**What you are asked to do:** Look through the data below for the line with "Primy Accent Square" and the line with "Luxury and relaxation", then transcribe exactly from the first through the second, leaving out all pictures.

**** Dataset content ****

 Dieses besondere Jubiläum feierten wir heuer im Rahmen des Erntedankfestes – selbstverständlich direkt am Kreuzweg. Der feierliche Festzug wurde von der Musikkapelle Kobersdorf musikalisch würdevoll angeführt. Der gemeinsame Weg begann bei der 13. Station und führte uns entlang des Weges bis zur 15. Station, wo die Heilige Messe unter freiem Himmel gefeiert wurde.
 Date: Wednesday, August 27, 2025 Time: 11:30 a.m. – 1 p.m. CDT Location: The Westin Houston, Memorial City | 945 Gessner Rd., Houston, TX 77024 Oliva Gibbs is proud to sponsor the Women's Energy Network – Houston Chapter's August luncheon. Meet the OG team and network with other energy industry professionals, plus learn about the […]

****
**** Dataset content ****

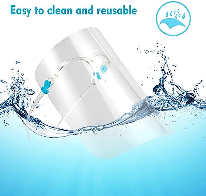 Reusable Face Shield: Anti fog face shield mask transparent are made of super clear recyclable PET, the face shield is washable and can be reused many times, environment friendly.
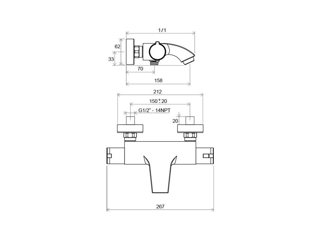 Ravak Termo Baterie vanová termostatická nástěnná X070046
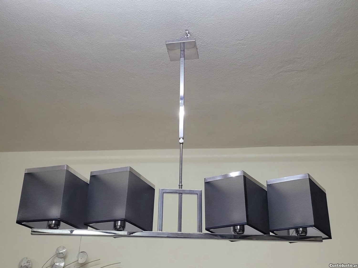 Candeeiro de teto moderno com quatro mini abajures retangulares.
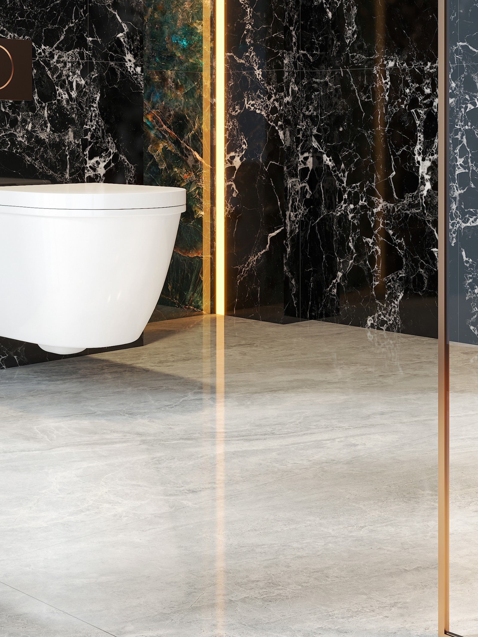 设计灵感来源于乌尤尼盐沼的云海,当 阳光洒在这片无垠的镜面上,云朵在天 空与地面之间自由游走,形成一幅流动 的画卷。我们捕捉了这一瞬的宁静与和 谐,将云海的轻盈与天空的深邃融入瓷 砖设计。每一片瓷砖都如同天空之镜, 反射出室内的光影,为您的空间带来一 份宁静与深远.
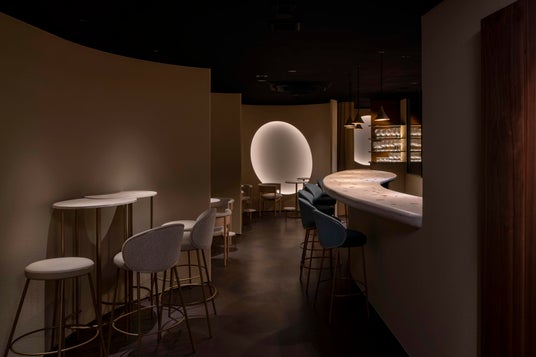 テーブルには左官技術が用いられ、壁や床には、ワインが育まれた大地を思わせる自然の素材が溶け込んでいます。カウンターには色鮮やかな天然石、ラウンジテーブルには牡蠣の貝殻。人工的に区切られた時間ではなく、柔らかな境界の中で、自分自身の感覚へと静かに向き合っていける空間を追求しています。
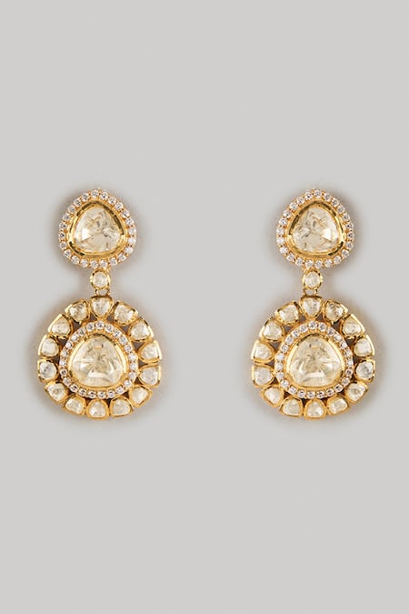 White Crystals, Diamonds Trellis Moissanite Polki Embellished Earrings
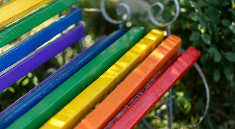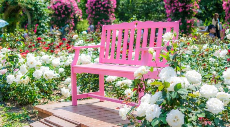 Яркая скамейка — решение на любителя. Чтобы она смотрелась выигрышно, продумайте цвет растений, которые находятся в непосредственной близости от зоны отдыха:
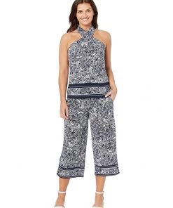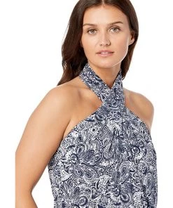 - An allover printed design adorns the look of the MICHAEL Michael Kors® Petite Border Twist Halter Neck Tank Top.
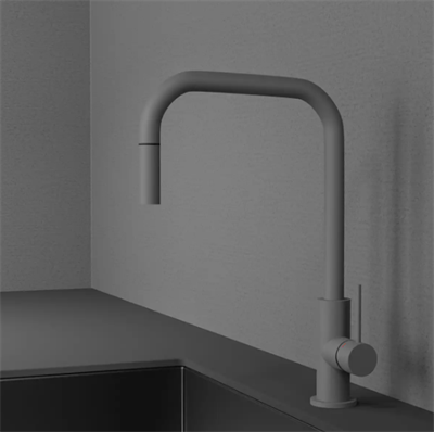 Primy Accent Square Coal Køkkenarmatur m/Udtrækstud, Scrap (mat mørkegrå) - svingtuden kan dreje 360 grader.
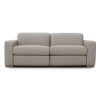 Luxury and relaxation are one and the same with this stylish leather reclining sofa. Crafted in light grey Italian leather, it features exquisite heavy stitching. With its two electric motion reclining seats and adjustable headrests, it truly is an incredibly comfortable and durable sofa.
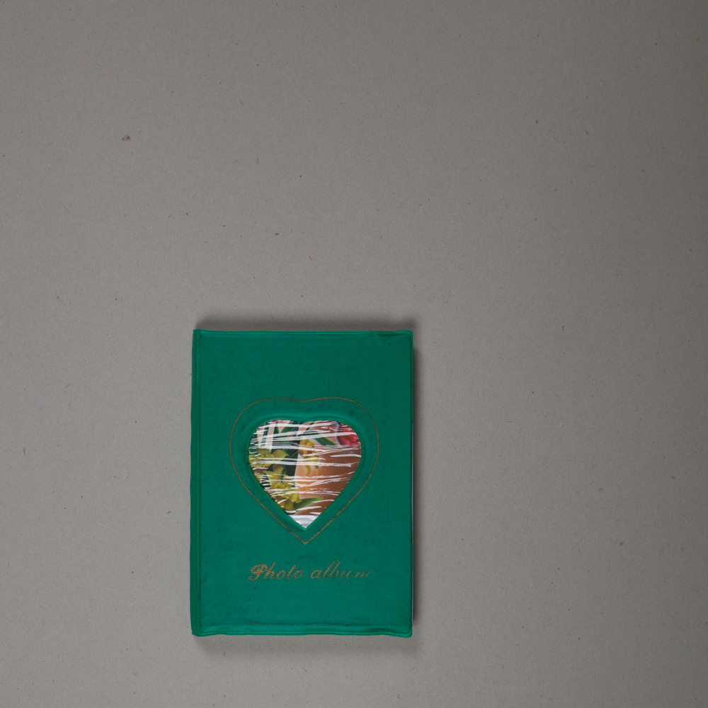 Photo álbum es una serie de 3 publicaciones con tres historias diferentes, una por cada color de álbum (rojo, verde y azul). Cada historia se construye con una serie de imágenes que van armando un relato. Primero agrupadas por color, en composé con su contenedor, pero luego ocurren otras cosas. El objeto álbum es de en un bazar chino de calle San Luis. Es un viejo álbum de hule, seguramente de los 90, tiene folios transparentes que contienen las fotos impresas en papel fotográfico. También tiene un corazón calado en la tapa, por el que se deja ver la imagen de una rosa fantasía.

****

**Answer to the problem:**
 Primy Accent Square Coal Køkkenarmatur m/Udtrækstud, Scrap (mat mørkegrå) - svingtuden kan dreje 360 grader.
 Luxury and relaxation are one and the same with this stylish leather reclining sofa. Crafted in light grey Italian leather, it features exquisite heavy stitching. With its two electric motion reclining seats and adjustable headrests, it truly is an incredibly comfortable and durable sofa.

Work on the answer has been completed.